Tairov, Aleksandr Yakovlevich

▪ Russian director

original name Aleksandr Kornblit

born June 24, 1885, Romny, Russia

died Sept. 25, 1950, Moscow

 founder and producer-director (1914–49) of the Kamerny (Kamerny Theatre) (Chamber) Theatre in Moscow, which, during the era of the Revolution, rivaled the Moscow Art Theatre in professional competence.

      Tairov took up law briefly before settling on a theatrical career. He worked in several companies, including that of the Mobile Theatre of P.P. Gaydeburov. In 1913–14 he managed the shortlived Free Theatre Moscow prior to founding the Kamerny.

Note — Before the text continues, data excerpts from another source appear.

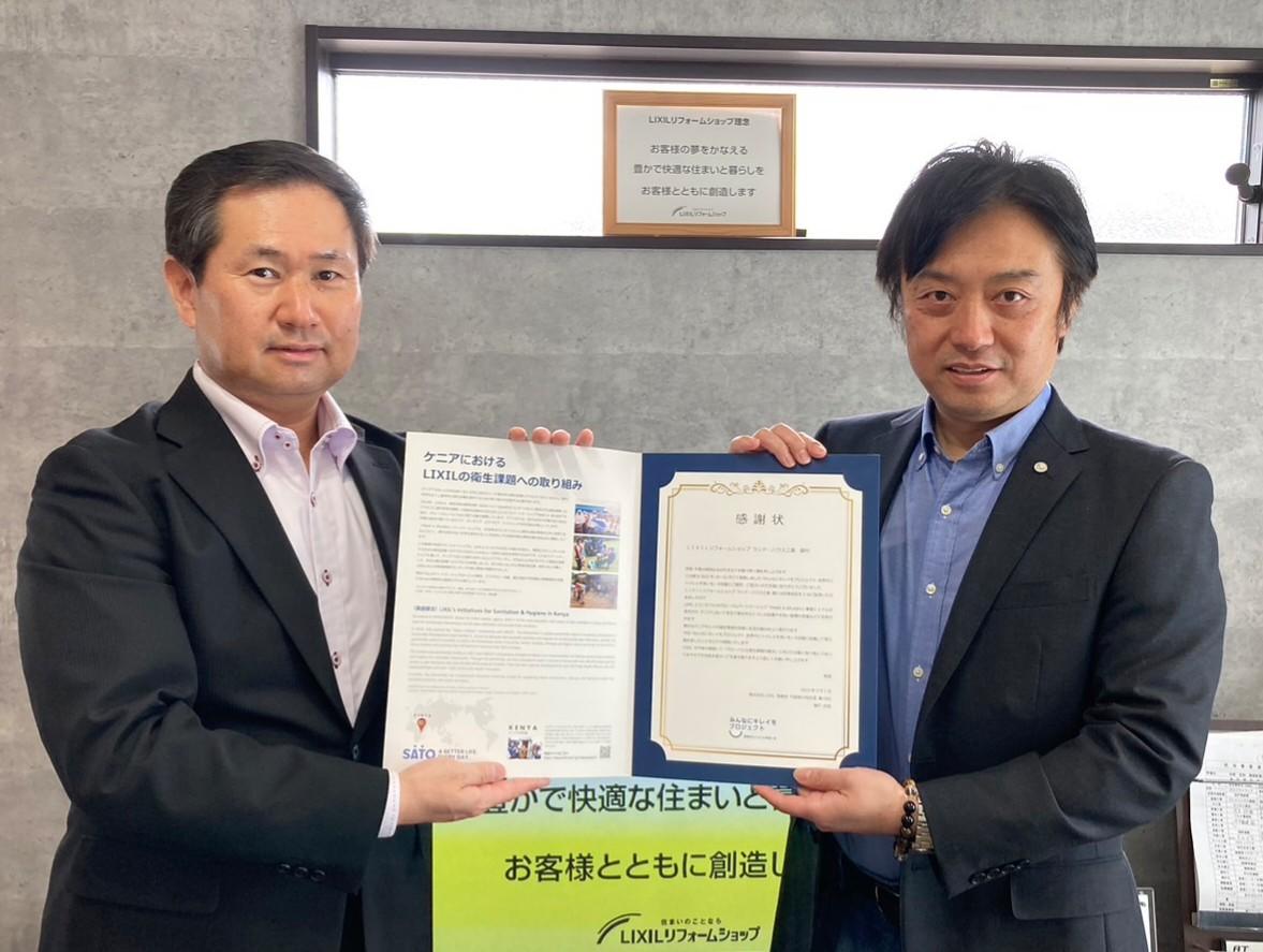 (株)LIXILよりユニセフとのグローバルパートナーシップ「世界中にトイレと手洗いを」の活動に対し感謝状を頂きました。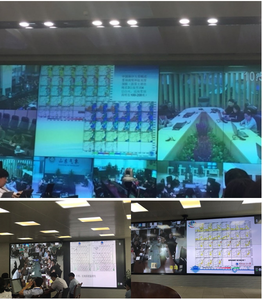 上图:中国气象局台风与海洋预报中心;下图:青岛上合峰会期间的青岛气象台;图中屏幕展示信息来自海雾预报系统(http://222.195.136.24)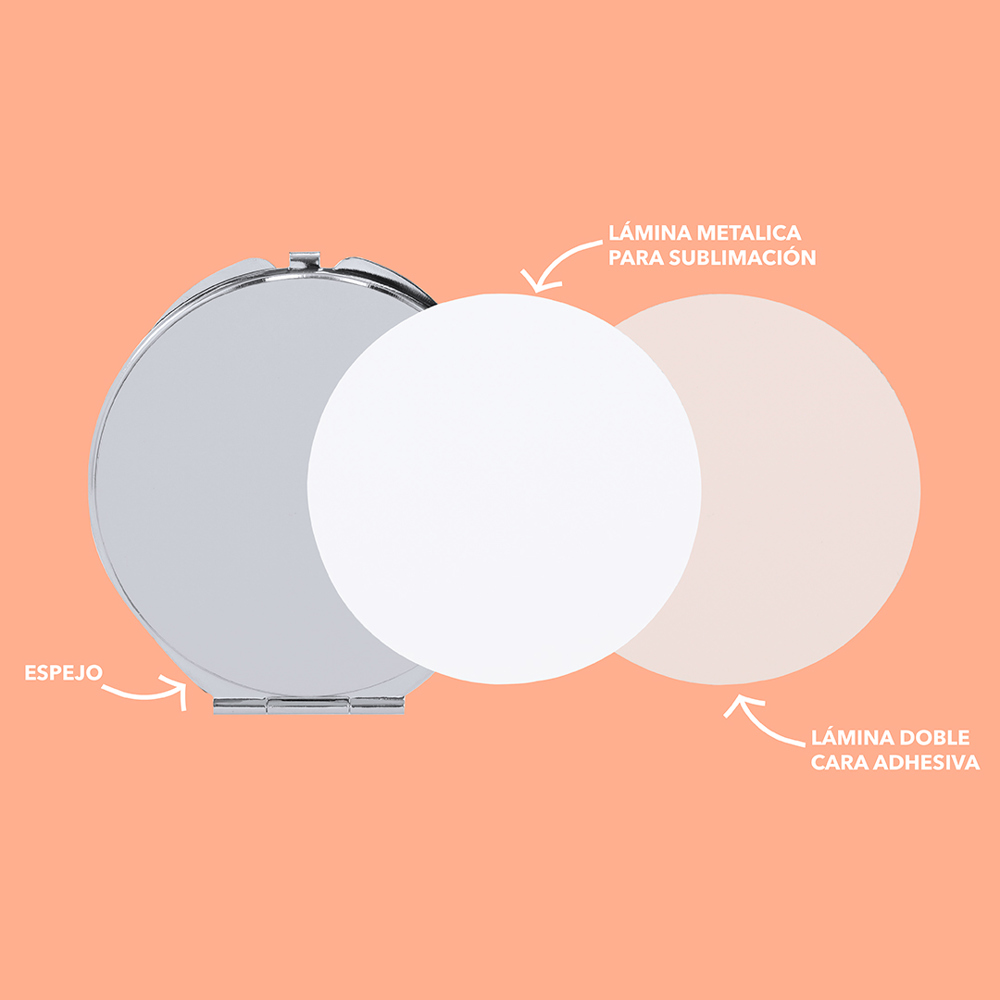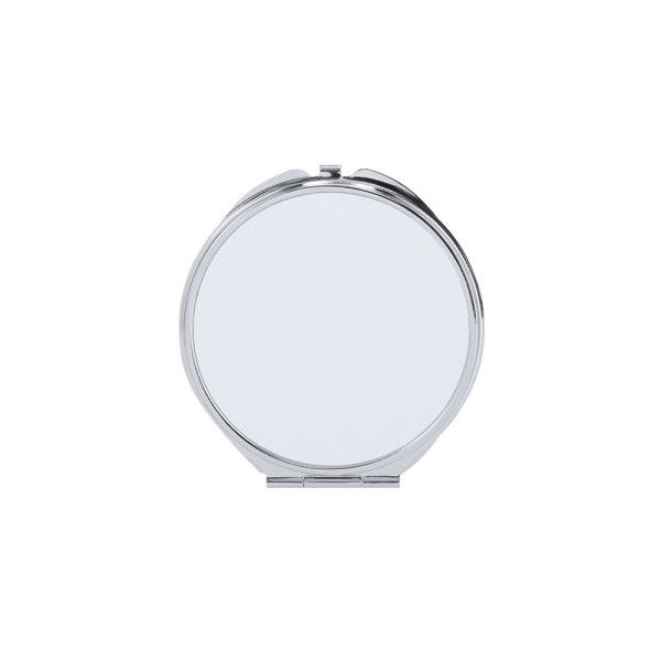 Faltbarer metallischer Spiegel mit Sublimationsfläche (nicht im Produkt integriert, ideal zum Drucken und späteren Aufkleben). Mit zwei Innenspiegeln: 1X und 2X-Vergrößerung.
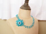 ガーベラのブローチとチェコビーズの2連ネックレスのデミパリュール(ブルーハワイ)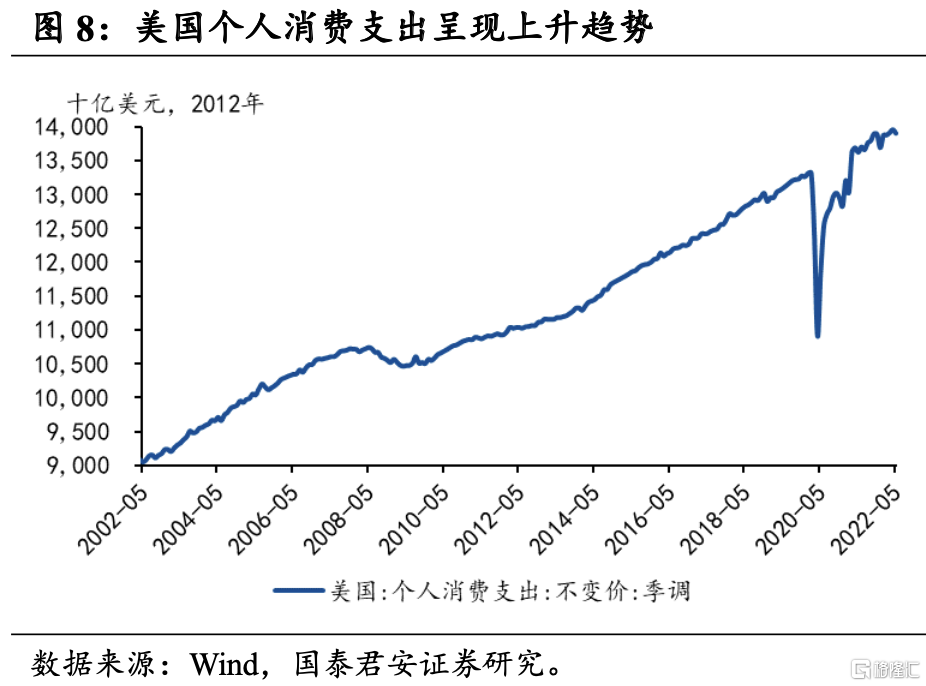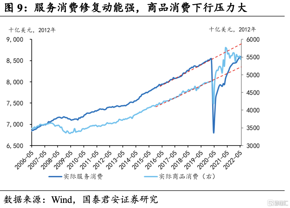 美国实际个人消费支出呈现上升趋势,服务消费是主要支撑因素。疫后在服务消费修复的带动下,美国实际个人消费支出总体呈上升趋势,虽然5月数据有所下滑,但可能与短期波动和季调因素有关,分项来看,商品消费由于前期存在超前消费,后续下行压力较大,是个人消费的主要拖累项,但服务消费目前仍与疫情前趋势值相差甚远,后续仍将继续修复,带动美国整体消费仍呈现出上升趋势。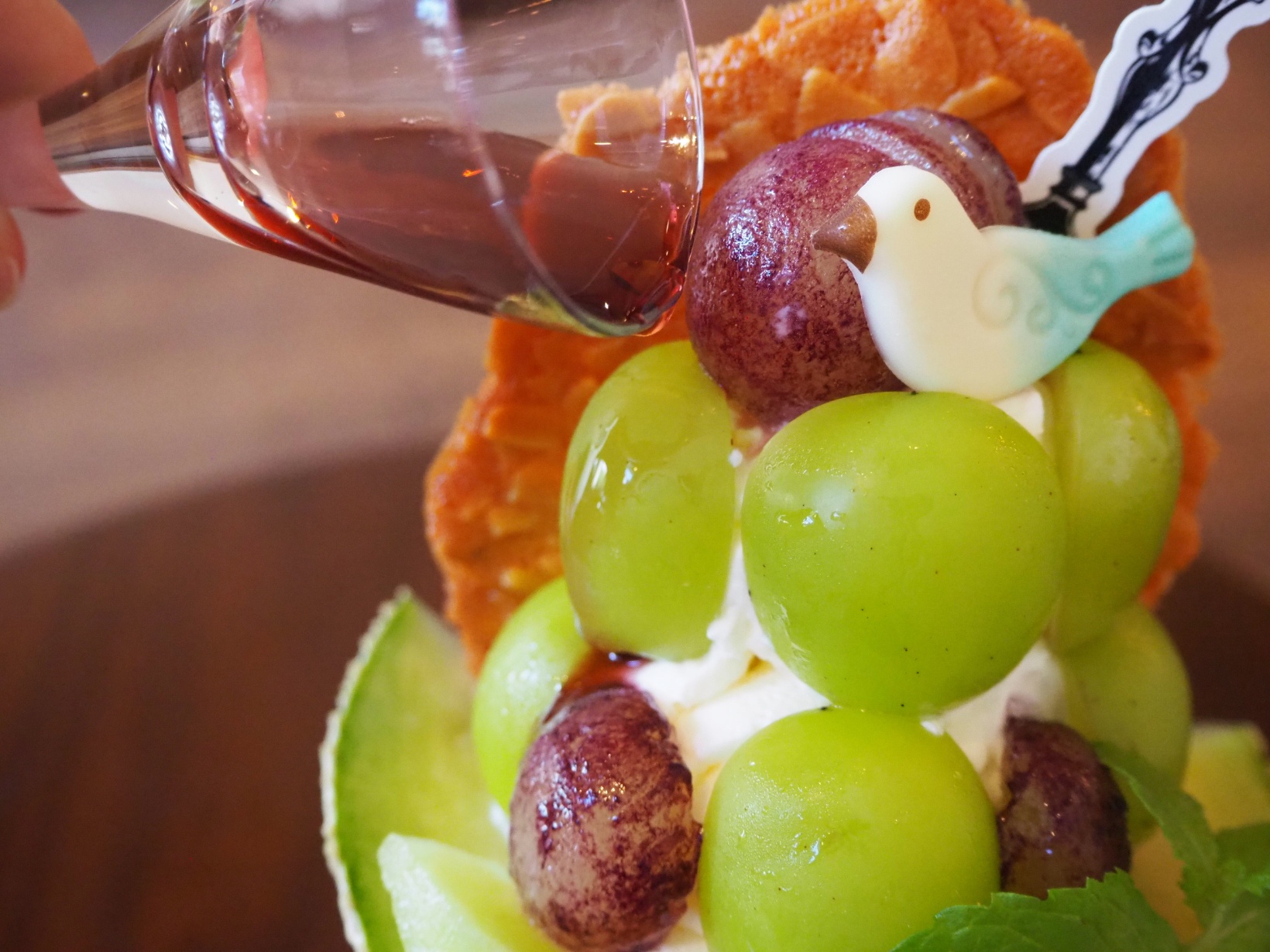 また、すべてのパフェメニューに自家製ソースを、“味変アイテム”として提供。fleurs d’étéに添えられていたのは、巨峰のシロップ。巨峰の甘酸っぱい酸味が、メロンのまろやかな甘さを引き立て、味わいに奥行きをプラスしていました。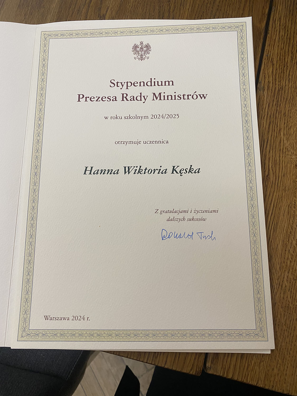 Hanna Kęska - stypendystką Prezesa Rady Ministrów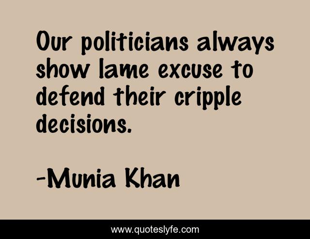 This page presents the quote "Our politicians always show lame excuse to defend their cripple decisions.". Author of this quote is Munia Khan. This quote is about political-humor, lame, always, decision, crippled, political, excuse, excuses, politicians,.

      In the wake of the Bolshevik Revolution—at a time when the United States had broken off diplomatic relations with the Soviet Union—Tairov brought to Moscow audiences the work of the American playwright Eugene O'Neill, notably The Hairy Ape, All God's Chillun Got Wings, and Desire Under the Elms. Tairov's style was avant garde, particularly with respect to staging. He helped develop the functional “constructivist” setting, a bare, multilevel scaffolding devoid of traditional decorative scenery. His approach to theatre was stylized and antirealistic and was diametrically opposed to that of the followers of actor-director Konstantin Stanislavsky. He attached great importance to the actor's physical attributes; members of his company were rigorously trained in dancing, singing, acrobatics, and rhythmic precision of move ment. His 1934 production of Vsevolod Vishnevsky's The Optimistic Tragedy was regarded as a high point of Socialist Realist theatre. Under pressure from Stalinist authorities, however, Tairov was eventually compelled to work under the guidance of a state theatre committee. His wife, Alisa Koonen, starred in many of his productions.